A UBS survey of US family offices found that only 5% report confidence their next generation is adequately prepared to manage wealth and operations during succession. The figure arrives as family offices collectively oversee an estimated $6 trillion in assets domestically, with the broader generational wealth transfer expected to move $84 trillion over the next two decades according to Cerulli Associates projections.
The survey, part of UBS's 2025 Family Office Report, polled principals and senior advisors across 250 single-family offices with average assets under management of $1.2 billion. Respondents cited insufficient governance frameworks, limited operational training for heirs, and what UBS termed "a persistent reluctance to formalize decision-making authority" as primary obstacles. Separately, 68% of surveyed offices reported no written succession plan beyond estate documents, and 41% said the founding generation maintains sole investment authority despite average principal age exceeding 67 years.

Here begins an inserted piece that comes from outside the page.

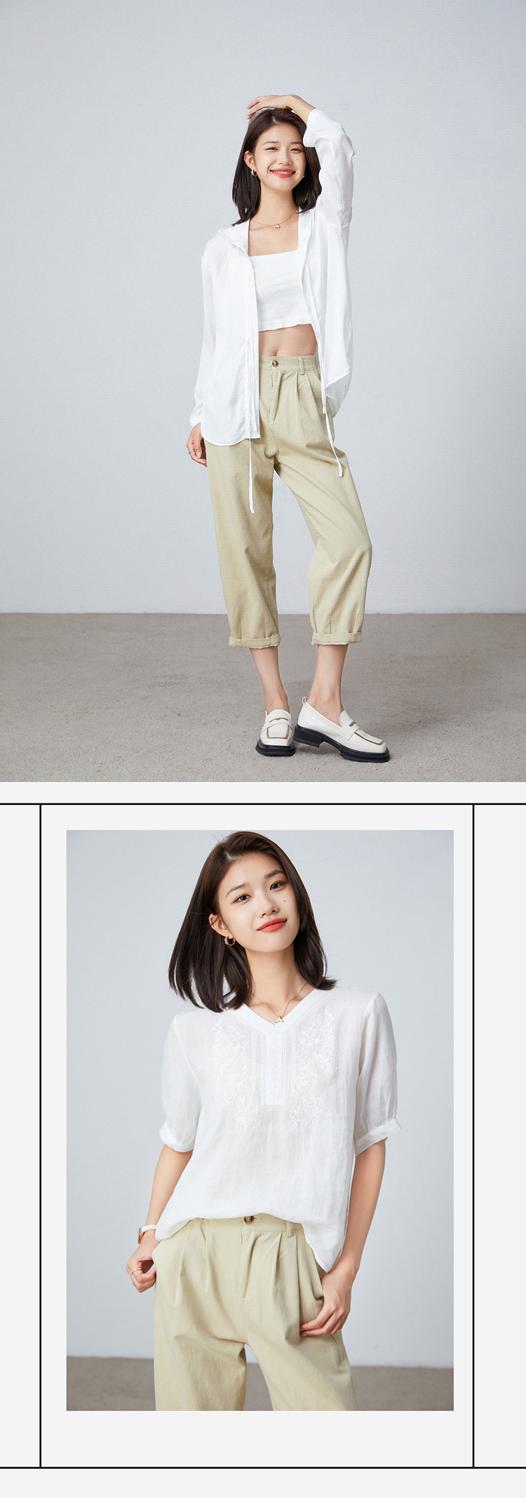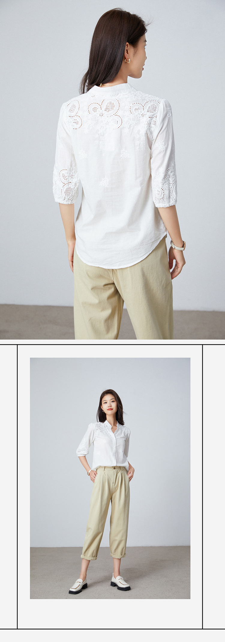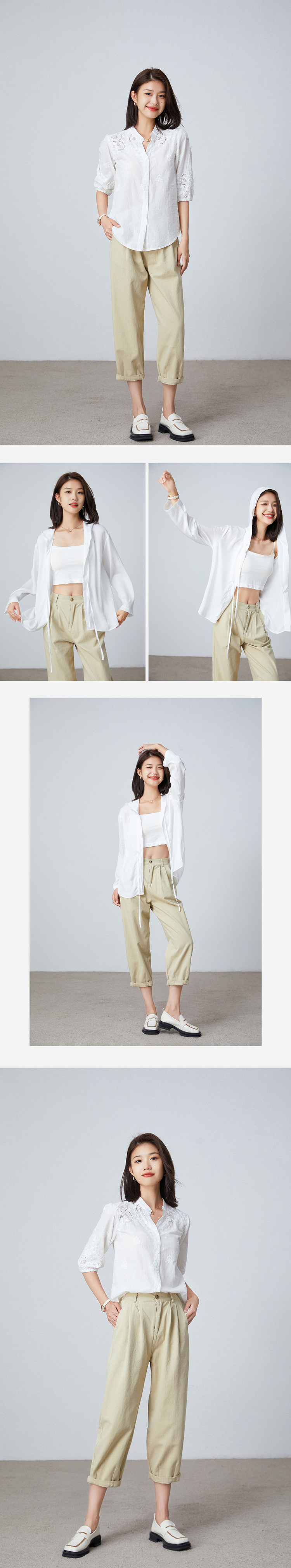 馥迦法式轻奢刺绣镂空衬衫/休闲裤

The timing matters because family office formation accelerated sharply post-2020. Campden Wealth counts 7,300 single-family offices in North America as of year-end 2024, up from approximately 5,000 in 2019. These newer structures—many formed by liquidity events in technology or private equity—lack the multi-decade governance evolution of older European or Latin American offices. The succession risk concentrates in offices established within the last 10 years, where founding wealth creators still handle portfolio decisions and vendor relationships directly. When that concentration breaks without preparation, operational continuity fractures. Example: asset allocations shift reactively, manager relationships reset from zero, and cost structures bloat as advisors fill voids.

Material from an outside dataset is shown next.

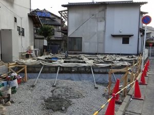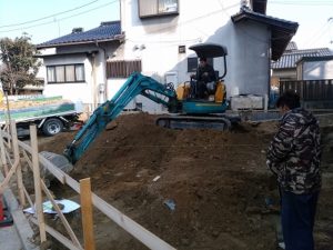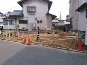 地盤改良も無事終わり、基礎を造りますまずは、 ”遣り方” を行います。これは図面通りの位置に配置する為の確認作業です。遣り方が終わると、早速掘削です。 今回は、3階建てなので、基礎が今までと多少違います。 形も出入りがある建物なので、気をつけて・・・
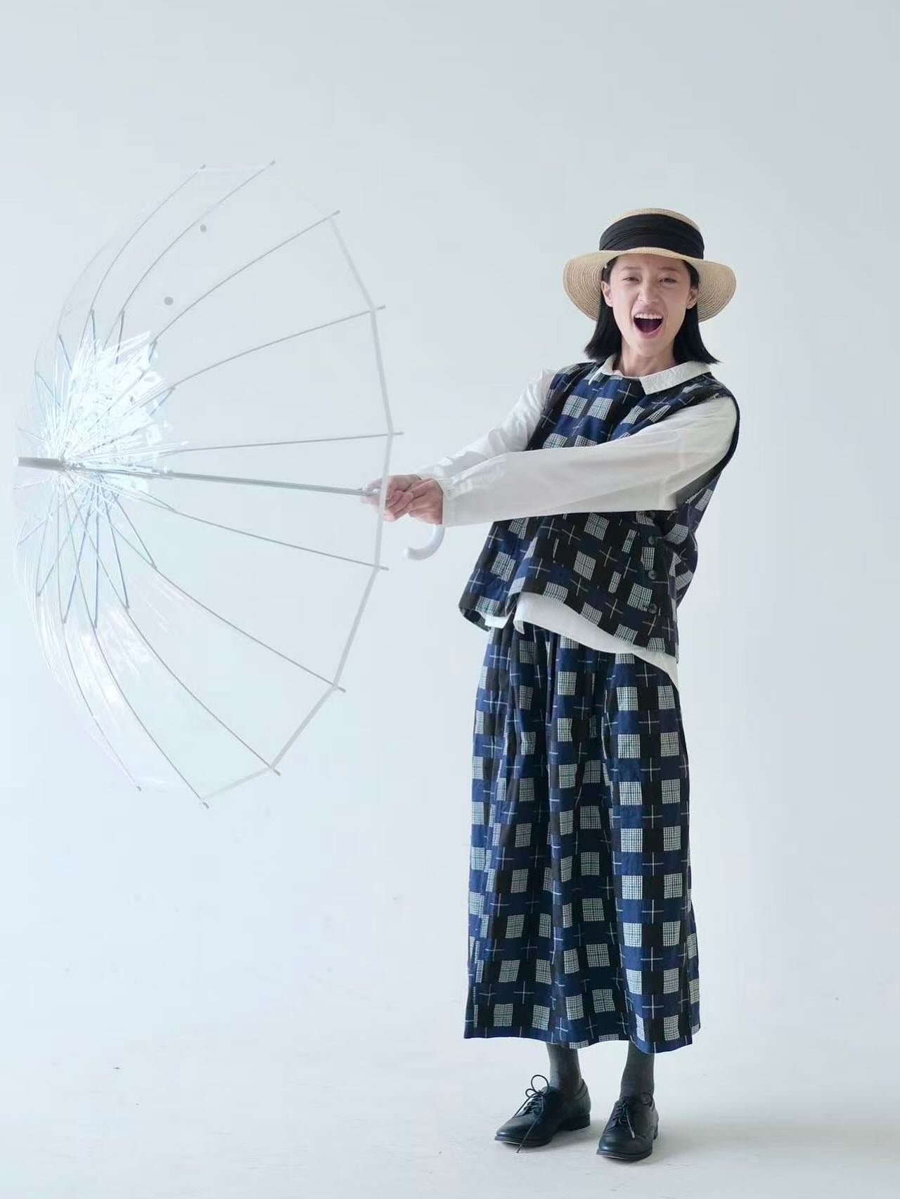 A modern Japanese-style vest made of 100% cotton with a navy checkered patchwork-inspired pattern. This versatile piece layers beautifully over shirts or dresses, adding texture and a unique touch to your look. Designed with clean lines and a relaxed fit for everyday comfort.

The 5% confidence figure also surfaces a quiet arbitrage. Institutional allocators and fund managers are already adjusting how they approach family office capital. Funds with longer track records and transparent governance are seeing allocation increases, while emerging managers dependent on quick principal rapport face longer diligence cycles. Family offices aware of their succession gap are moving assets into externally managed vehicles—permanent capital funds, evergreen structures, direct indexing—where governance sits outside the family's operational risk. One large US office told UBS it shifted $300 million into permanent capital over 18 months specifically to derisk next-generation handoff.
Operators should watch for three follow-on developments over the next 12-18 months: First, family office platforms offering shared governance infrastructure—think multi-family office models or outsourced CIO services—will see mandate flows accelerate. Second, legal and accounting firms will package succession-readiness audits as standalone services, creating a new compliance layer. Third, direct investment co-GP structures, where family offices take board seats alongside professional sponsors, will gain traction as training grounds for next-generation principals. These aren't predictions; early versions are already closing.
The real tell is not the 5% confidence figure but the 32% of surveyed offices that acknowledged they have delayed planned liquidity events or asset sales specifically because succession planning remains incomplete. Capital that should be rotating is sitting still.